Representatives including Nydia Velázquez and Adriano Espaillat from New York, Darren Soto from Florida, and Bennie Thompson from Mississippi, said the Harvard study released last week was a reminder that federal and Puerto Rican officials have failed to reliably account for the number people who died on the island after the Category 4 storm.

"These low numbers have justified a vastly underfunded disaster," Soto said.

The government's official death count came under suspicion first by the Puerto Rico Center for Investigative Reporting and BuzzFeed News just days after the hurricane devastated the island.
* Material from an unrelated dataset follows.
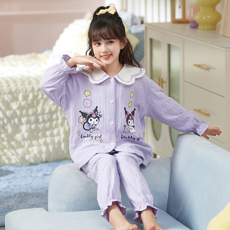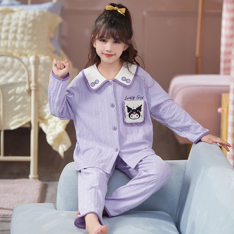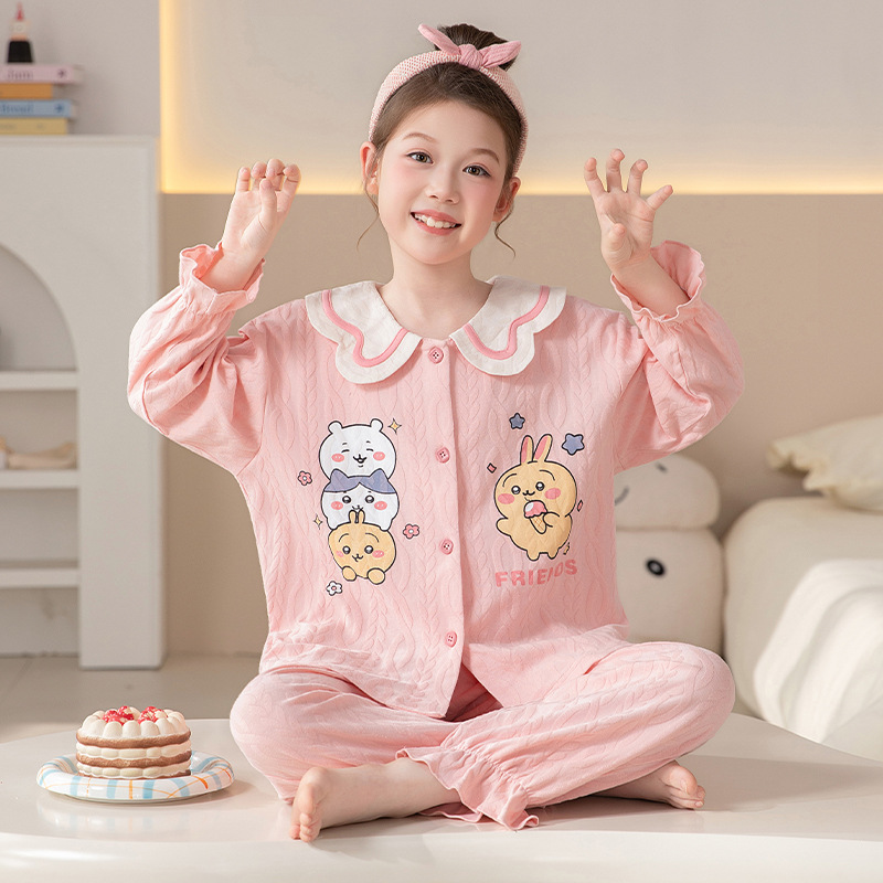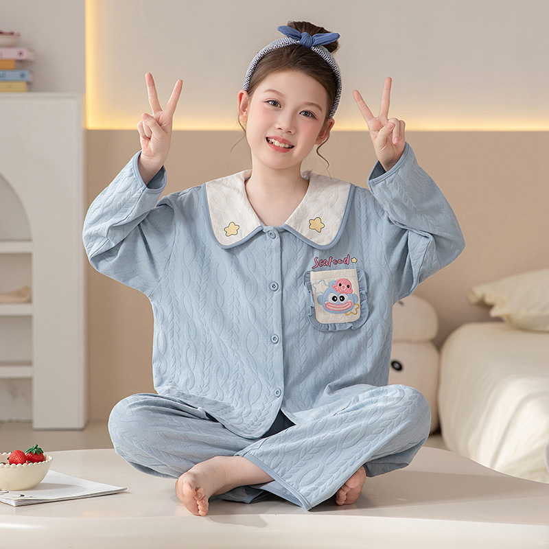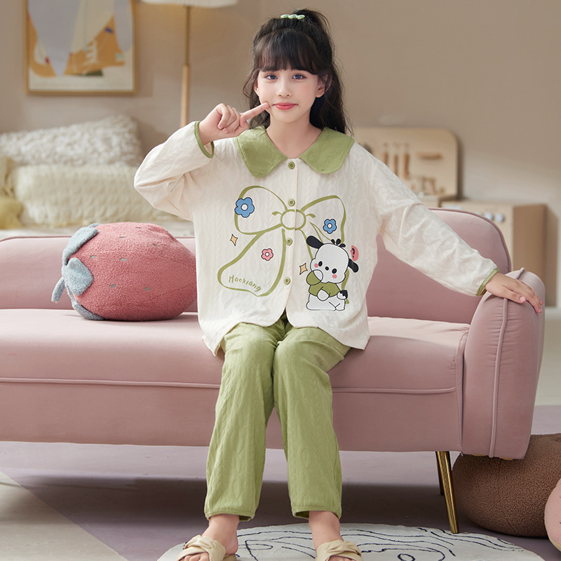 어린이 잠옷 소녀의 봄과 가을 얇은 순수 자카드 카디건 큰 어린이 공주 소녀의 집 옷 세트 여름

"These numbers drive the narrative about what happened in Puerto Rico and how our government responded, and how we should rebuild going forward," Velázquez said. "We all remember when Donald Trump sat in Puerto Rico and pointed to a death count of 16, suggested that Maria was not, and I quote, 'a real catastrophe.'"

Espaillat called relying on nongovernmental studies like the Harvard report and the GWU study commissioned by Puerto Rico Gov. Ricardo Rosselló "the highest form of neglect and negligence."
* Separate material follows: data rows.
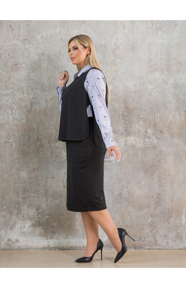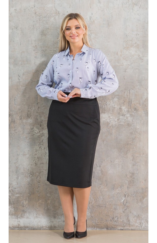 Практичная повседневная юбка прямого силуэта, выполнена из эластичного трикотажного полотна. Юбка по спинке с поясом, пояс собран на резину, по переду двойная притачная кокетка. Юбка без застежек и подклада. Длина изделия по спинке вместе с поясом в 48 р-ре – 70 см. в 64 р-ре – 72 см.
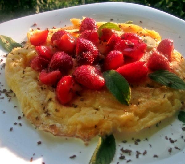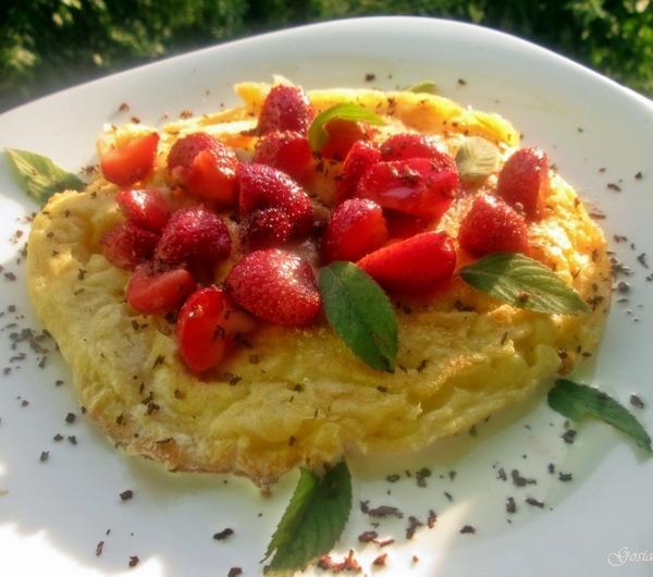 masła i wlać masę omletową. Gdy boki będą się lekko ścinać, łyżką podważać ściętą masę w kierunku środka patelni, jednocześnie przelewaając jeszcze tę nie ściętą jej środka na boki. Na koniec przykryć pokrywką i smażyć jeszcze około 2-3 minuty.Wyjać na talerz, lekko przestudzić. Polać słodką
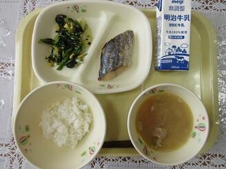 今日の給食は、立春メニューで、ご飯、牛乳、さわらの味噌焼き、菜の花和え、豆乳仕立ての野菜汁です。高根沢町で生産された物は、味噌、豆腐、にんじん、大根、ねぎ、米です。今日もたいへんおいしく頂きました。
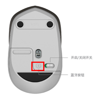开启开关后,长按蓝牙按钮,鼠标指示灯开始快速闪烁

"How could we, government, have to rely on private institutions to do our job?" he said.

"We as government must be responsible. … These are people that died, they have families, those families deserve to know what was the level of tragedy that hit Puerto Rico," he said.

Mississippi Rep. Bennie Thompson added that the Government Accountability Office has accepted his request to audit the death toll. Thompson and Velázquez made the request in a letter in December.
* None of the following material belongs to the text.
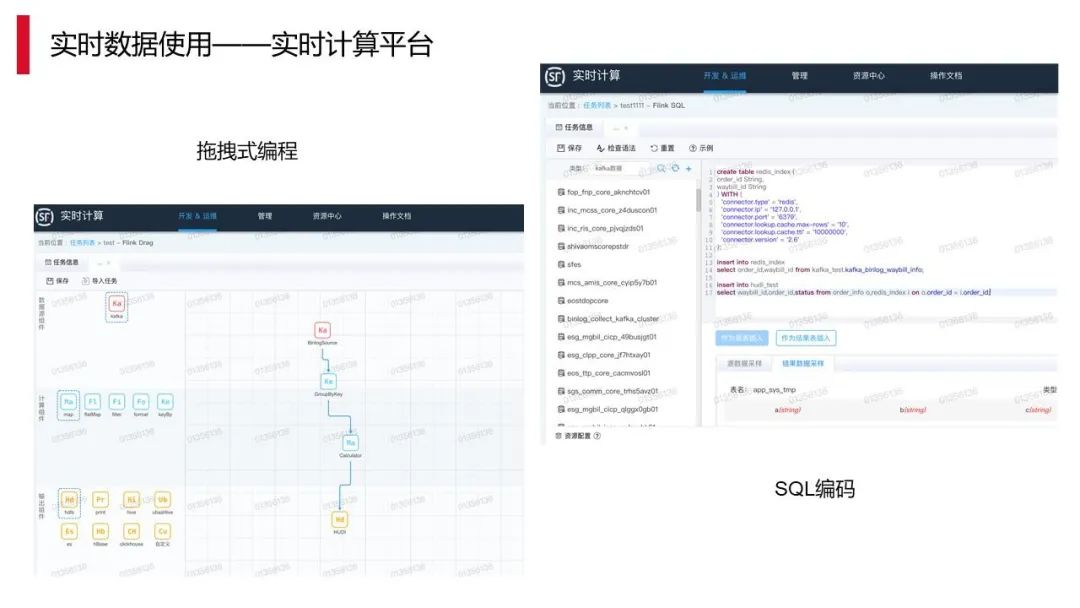 我们在平台上也做一些简化的内容,首先有一部分是关于拖拽的,拖拽是指封装一些组件,用户可以通过拖拽来快速完成其需求。这个产品上线后,很多之前没有任何实时计算的经验,甚至连离线开发的经验也没有的用户都能够做实时的数据开发。

A spokesperson for FEMA said in a statement to BuzzFeed News that the agency has provided more than $1.3 billion to Hurricane Maria survivors and obligated more than $2.2 billion to Puerto Rico for Public Assistance projects.

"The insinuation that federal response has been lacking is absurd," the spokesperson said. "FEMA has and will always work tirelessly to support state, local, tribal and territorial partners to respond to and recover from disasters. With respect to Puerto Rico or any disaster, FEMA and its federal partners will continue to support governors with their outcome-driven recovery goals."

A recent Politico investigation found discrepancies in the speed and quantity of aid delivered to Houston after Hurricane Harvey and Puerto Rico after Hurricane Maria.

According to the report, nine days after Hurricane Harvey, FEMA had approved $141.8 million in individual assistance to Harvey victims, compared to $6.2 million for Maria victims in the same time frame. During those first nine days, FEMA provided 5.1 million meals, 4.5 million liters of water, and more than 20,000 tarps to Houston. They provided 1.6 million meals, 2.8 million liters of water, and around 5,000 tarps to Puerto Rico.

The FEMA spokesperson added that agency's role is to support local governments after their capacity to respond has been exceeded, and that "the actual counting of disaster-related fatalities is the responsibility of local jurisdictions, not FEMA."